Durante a Alta Idade Média (de 476 até por volta do ano 1000), os livros eram objetos raros, caros e preciosos (uso de pigmentos raros e ouro), e os iluminadores experimentaram um período de predileção. Ainda há poucos livros grandes com iluminuras, mas a demanda é forte. Os mosteiros são apoiados pela nobreza anglo-saxônica na Inglaterra: os livros sagrados são tanto objetos religiosos quanto armas políticas de influência.
O território inglês é o ponto de encontro de duas escolas de iluminação: a irlandesa-celta passando por St Colomban, as abadias de Iona e Lindisfarne, mais voltadas para o aspecto ornamental; e o chamado classicismo antigo ‘decadente’ mais ao sul da Inglaterra através de missões do continente trazendo arte italiana e bizantina, mais focada em contar histórias.
As interligações entre a ilha inglesa e o continente são importantes. Os monges copistas da ilha viajarão e levarão consigo motivos celtas para os centros de produção de iluminuras (como em Saint-Amand-en-Pévèle nos Hauts de France, por exemplo). A sua influência é significativa e procurada para decorar e embelezar o estilo continental “clássico”. Esses manuscritos chamados “franco-saxões” participam assim do Renascimento carolíngio do ponto de vista artístico. São as invasões vikings que retardarão sua expansão.

Interior da Igreja de Iona – Escócia
Iluminação da ilha: do que se trata?

Lindisfarne. São Lucas, detalhe com motivo de gato. Fólio 139r
A arte da iluminação de ilhas originou-se na evangelização da Inglaterra. Seu objetivo é propagar a fé cristã, de influência irlandesa, no território anglo-saxão, ainda tingido de paganismo.

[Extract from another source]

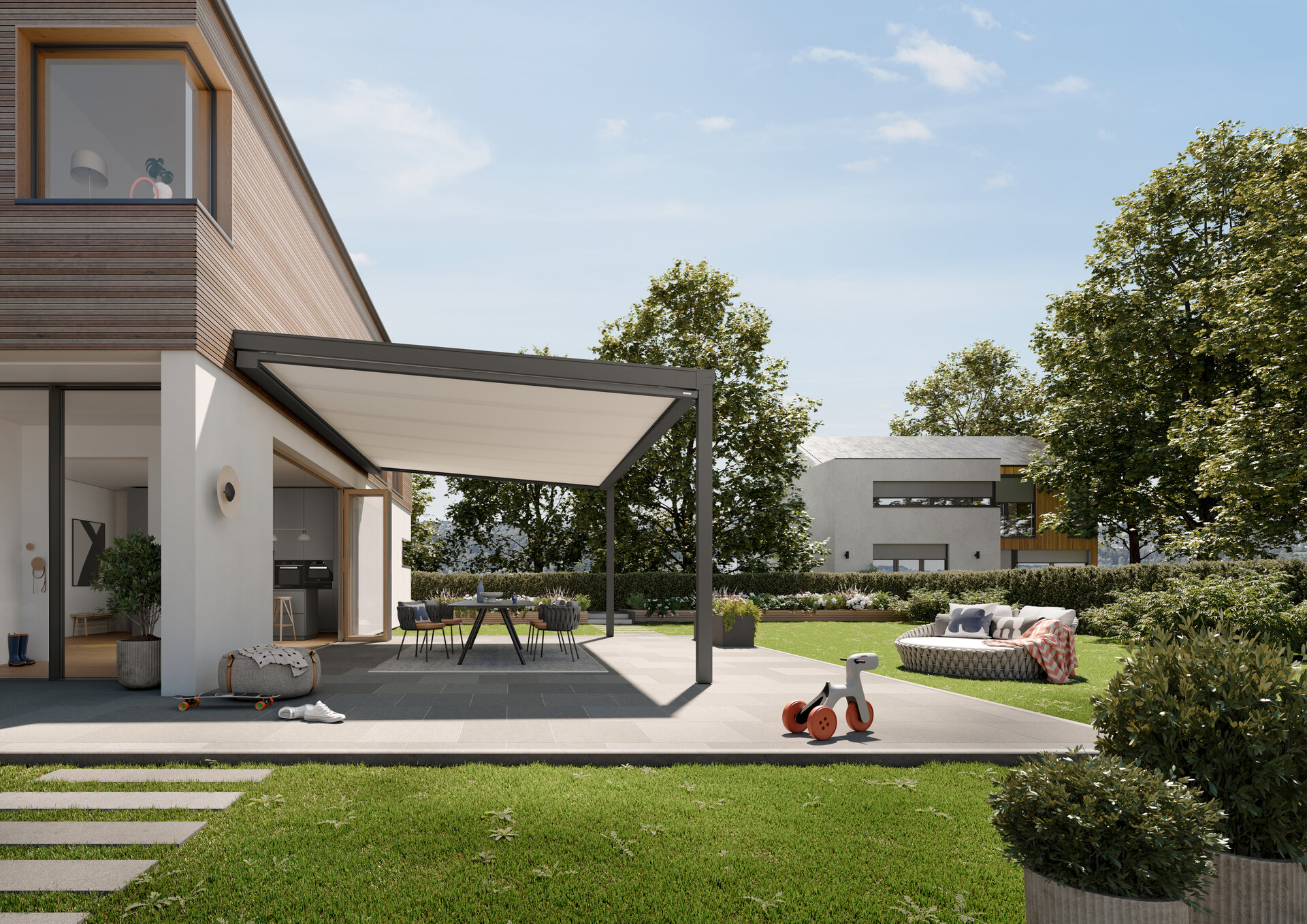 Nový vzhled bez stavebních zásahů – jedinou změnou látky můžete terasu sladit s novým stylem domu nebo zahrady.

Assim como a vinda de Aidan a Lindisfarne para evangelizar a Inglaterra, os missionários irlandeses vão se espalhar pelos vários mosteiros ingleses e produzir textos sagrados para difundir a fé. Os monges irlandeses terão essa especificidade de propor uma visão sincrética de crenças: ou seja, preservarão o espírito pagão celta, o “recusa do empréstimo real do maravilhoso ”… para a glorificação do dogma cristão.
A fabricação de objetos litúrgicos preciosos, que visam impressionar, influenciar e propagar a fé cristã, também contribui para isso. A imagem, pelo seu caráter narrativo e impressionante, reforça o texto. Essas obras servem para dar ritmo aos ritos e explicar os cerimoniais com base nas leituras durante os ofícios e no ensino dos textos sagrados.

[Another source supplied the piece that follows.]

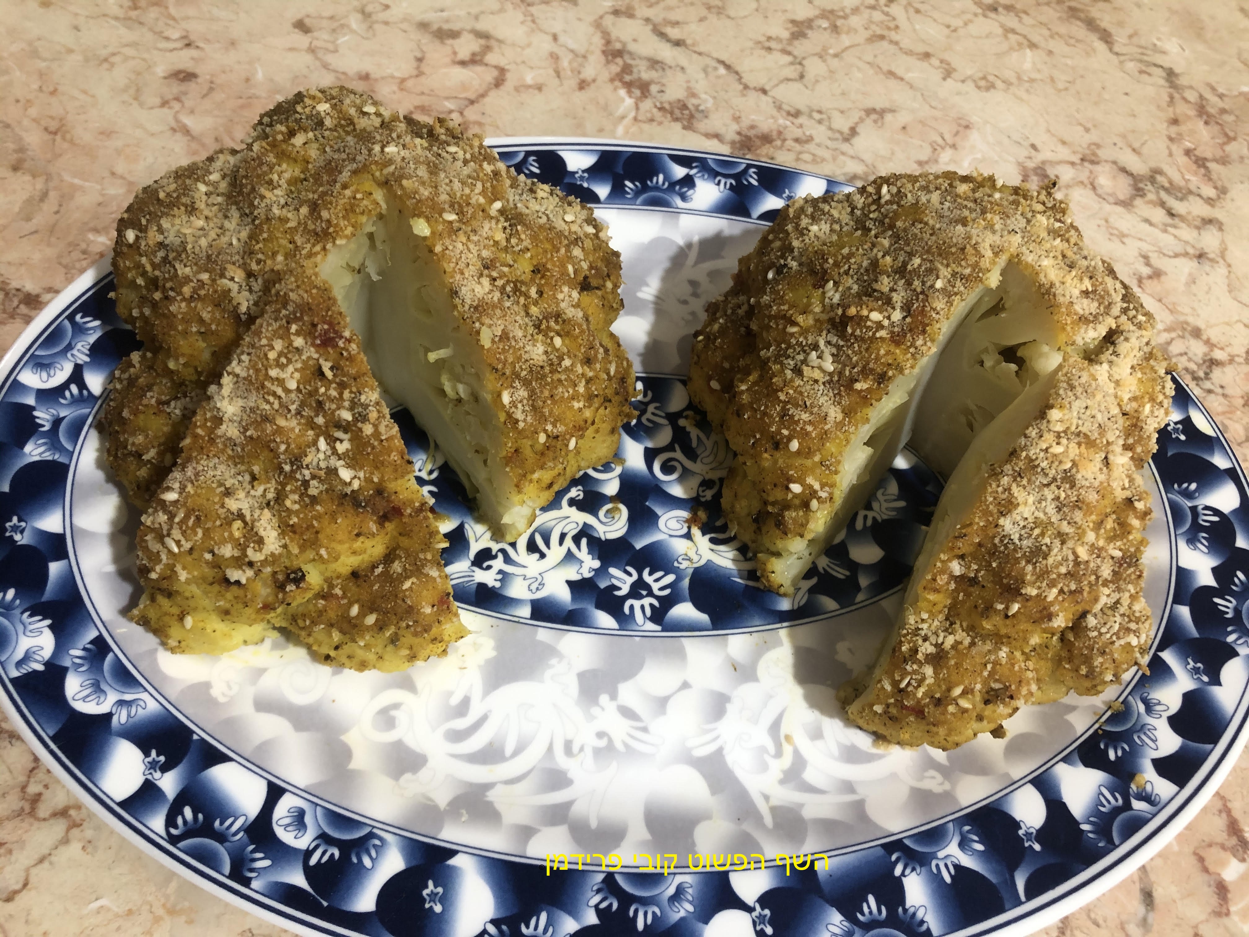 כרובית שלמה בתנור עם התיבולית ראס אל השף הפשוט טבעוני,

Existem dois tipos de livros produzidos para uso privado ou para a comunidade como um todo: os livros pequenos são usados pelos missionários ou para uso pessoal – como o Livro de Dimma ou o de Mulling. Grandes obras são usadas durante os serviços perto dos altares dos principais centros religiosos, como Lindisfarne ou Kells.
Na maioria das vezes, encontraremos nesses livros os Evangelhos dos 4 evangelistas. Em ordem: Matthieu, Marc, Luc e Jean. E os animais/símbolos a ela associados: homem alado, leão alado, touro alado e a águia, também chamada de etramorfo T.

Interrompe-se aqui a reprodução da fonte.